DS/ADMET predicted ADMET_EXT_CYP2D6 to be -7.245,and ADMET_EXT _CYP2D6#prediction to be false. suggesting that the binding ratio of Gamma Hexalactone on plasma proteins is less than 90%. As like ACD/ADME-Distribution predictions, DS/ADMET also suggested that g-hexalactone would bind with plasma protein in a low level.
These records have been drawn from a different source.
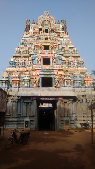 Thiruvarangulam arangulanathartemple திருவரங்குளம் அரங்குளநாதர் கோயில்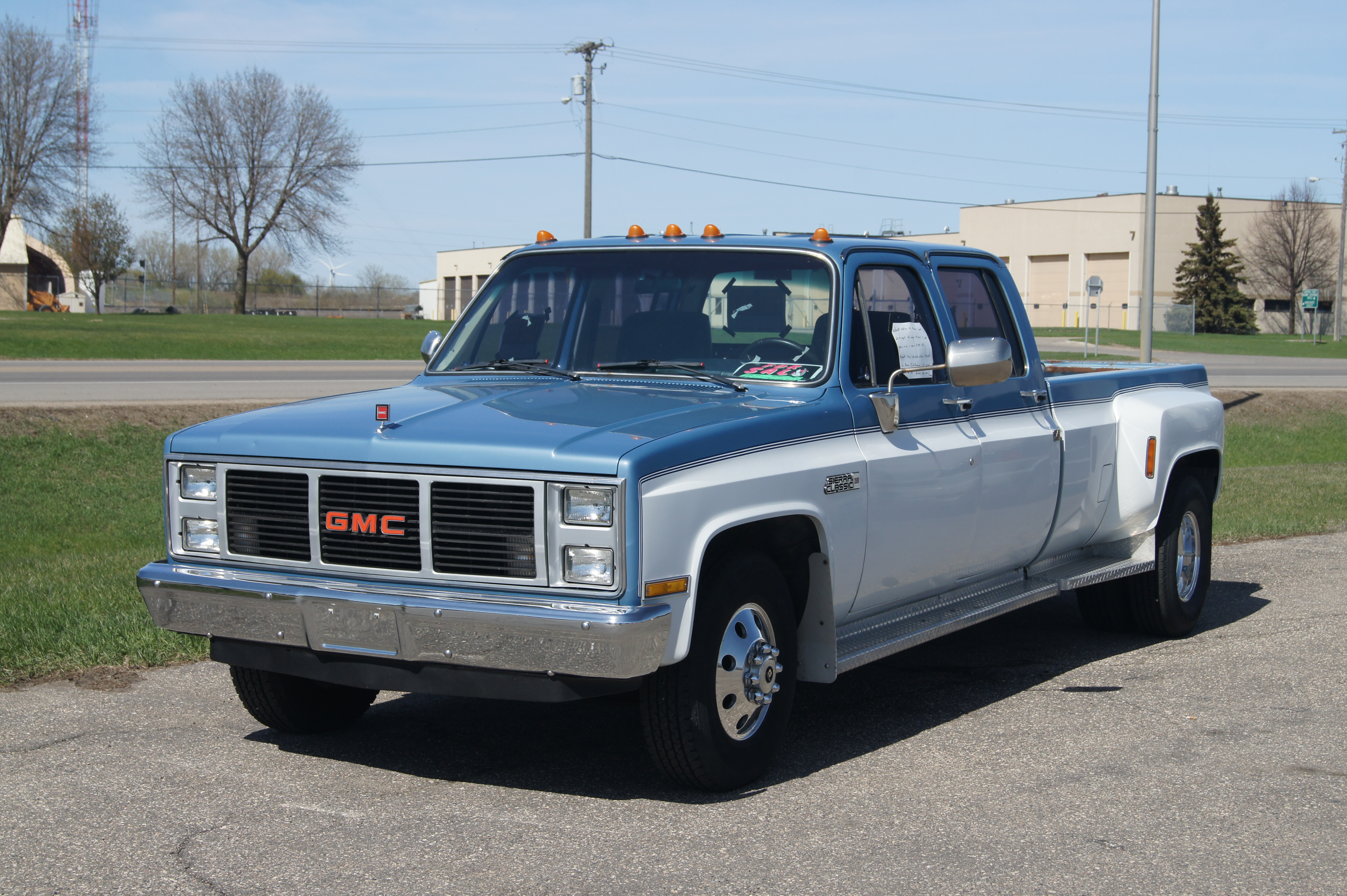 1986 GMC Sierra Classic 3+3 Pick-Up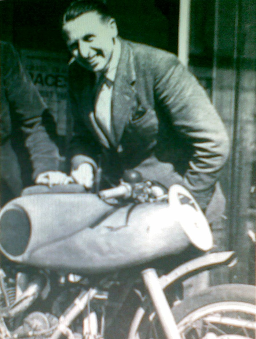 Bob Foster, a British former Grand Prix motorcycle road racer.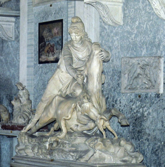 Photo taken by DanielCD in March of 2004. This is a "tauroctany" statue of Mithras slaying a bull. Statue is in the Hall of Animals, Vatican Museum, Rome. Restored by Vincenzo Pacetti and Francesco Antonio Franzoni (added head, cloak; r. foot, arms, hands and nose; the bull's muzzle, forelegs and tail, the r. hindleg with a part of the base; the dog and the serpent except a part on the base)[1]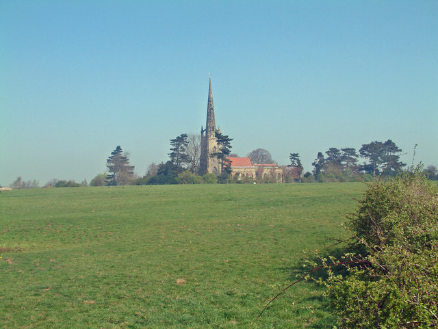 Clifton Campville Church The church at Clifton Campville viewed from the footpath stile to south where the footpath end at a junction of four roads.

Applicant's summary and conclusion

In summary, ACD/ADME and DS/ADMET, respectively, were applied to estimate PK data of the food flavoring agent gamma hexalactone. Based on the calculation data from these two different ADME prediction packages in combination with reported PK data of this compound, we predicted the TK properties of gamma hexalactone. As predicted, the compound could have a good absorption in gastrointestinal tract, buy have a low oral bioavailability of F% less than 30%. As a flavoring agent, the compound may pass the BBB to have a distribution in brain. Furthermore, it was predicted that it would bind on blood plasma protein with a low binding ratio less than 90%. As predicted, gamma hexalactone might not be an inhibitor or substrate of P-gp. Moreover, this compound would not be an inhibitor of CYP450. It can be hydrolyzed into the metabolite under the effect of lactonase, and the metabolite with increased water-solubility would be excreted by the urine. In addition, gamma hexalactone could also be directly excreted by urine and feces.